WASHINGTON -- Several travel trade groups have lined up against the
Clinton administration's $1.84 trillion, 2001 federal budget, which
revives from last year's budget several controversial aviation and
waterways user-fee proposals that were ultimately torpedoed in the
House and Senate.
The administration has proposed cost-based user fees for
virtually every federal agency as a method of improving the
"efficiency and equity of certain government activities."
The administration contends that taxpayers generally "finance
activities whose benefits accrue to a relatively limited number of
people," whereas user fees do the opposite.

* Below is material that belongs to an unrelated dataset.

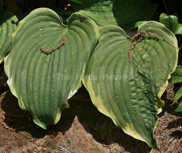This hybrid of H. 'Christmas Tree' × H. 'Donahue Piecrust' was originated
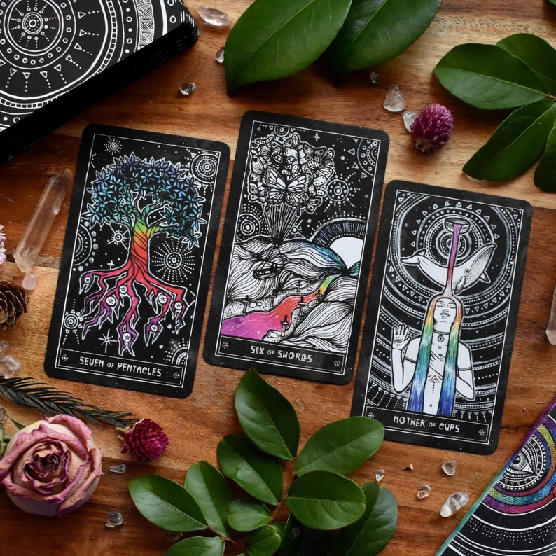 Product Descrpition: Will you answer the call to take a journey through the cosmos of your own mind? Where humankind and nature become one, the strange and unknown blossoms, and the answers you have been searching for will be found. The Cosmic Visions Tarot unifies the cosmos and nature, revealing to our divinity and humanity as two perfectly entwined parts of the same whole. Allow this journey through our light & shadow, our planet & the cosmos speak to your higher self, create clarity for you in times of uncertainty and create space for expansion and growth.

However, some lawmakers and travel industry representatives
opposed many of the fees when they were proposed last year, arguing
that they were unnecessary since the government already had
surpluses that sit unused in certain trust fund accounts.
This year, the administration once again has proposed collecting
an estimated $1 billion to improve the aviation system by reducing
the existing aviation excise taxes over time and replacing them
with cost-based user fees for air travel service.
And once again, the plan has received a cool reception from Rep.
Bud Shuster (R-Pa.), chairman of the House Transportation
Committee. Shuster said that although he supports increased
spending on the aviation system, he's against a new fee.
"Every year we collect almost $10 billion from air travelers and
invest only $8 billion, leaving the rest in government accounts to
offset other spending," Shuster said.
Similarly, cruise lines and other maritime groups are expected
to renew their opposition to a proposed harbor services fee that
the administration said would "finance construction, operation and
maintenance of harbor activities."
"Not that [the fee] would be any great amount of money assessed
to the cruise industry," said Michael Crye, a lobbyist for the
International Council of Cruise Lines, which represents major
cruise lines.
But the maritime industry maintains that a user fee would
"generate a lot more money than it would spend on harbor
improvement," Crye said.
The administration also has resurrected a proposal first floated
last year that would tax as unrelated business income of $10,000 or
more that is earned through investments by trade associations.
Associations, which have been joined by hotel groups in opposing
the proposal, have called it a back-door tax on their income.
"I trust and hope it will be killed," said John Gay, Washington
representative for the American Hotel & Motel Association. "We
have to act to make sure the administration knows we've seen [the
proposal] and we don't like it."
Meanwhile, Amtrak would receive $521 million, $50 million less
than last year, under the Clinton administration's 2001 federal
budget. However, the budget also creates a $468 million match-grant
program to help communities work with Amtrak to develop high-speed
rail corridors.
Amtrak president George Warrington "applauded" the proposal for
supporting the continued development of a "strong national
intercity rail network." Amtrak also received praise from DOT
Secretary Rodney Slater, who predicted the rail line would reach
its congressionally mandated goal of becoming self-sufficient by
2002.
"We are on track for that," Slater said. "It is an organization
that is delivering quality service."
The budget also proposes:
Permanently extending a pilot program, set to expire next year,
that allows national parks to retain the entrance fees they collect
to fund certain enhancements to facilities.Imposing a fee on U.S. and foreign commercial cargo and cruise
vessels that would be used to fund the Coast Guard's
navigational-assistance services.Extending Customs Conveyance/Passenger Fee and the Merchandise
Processing Fee, which are set to expire in September of 2003.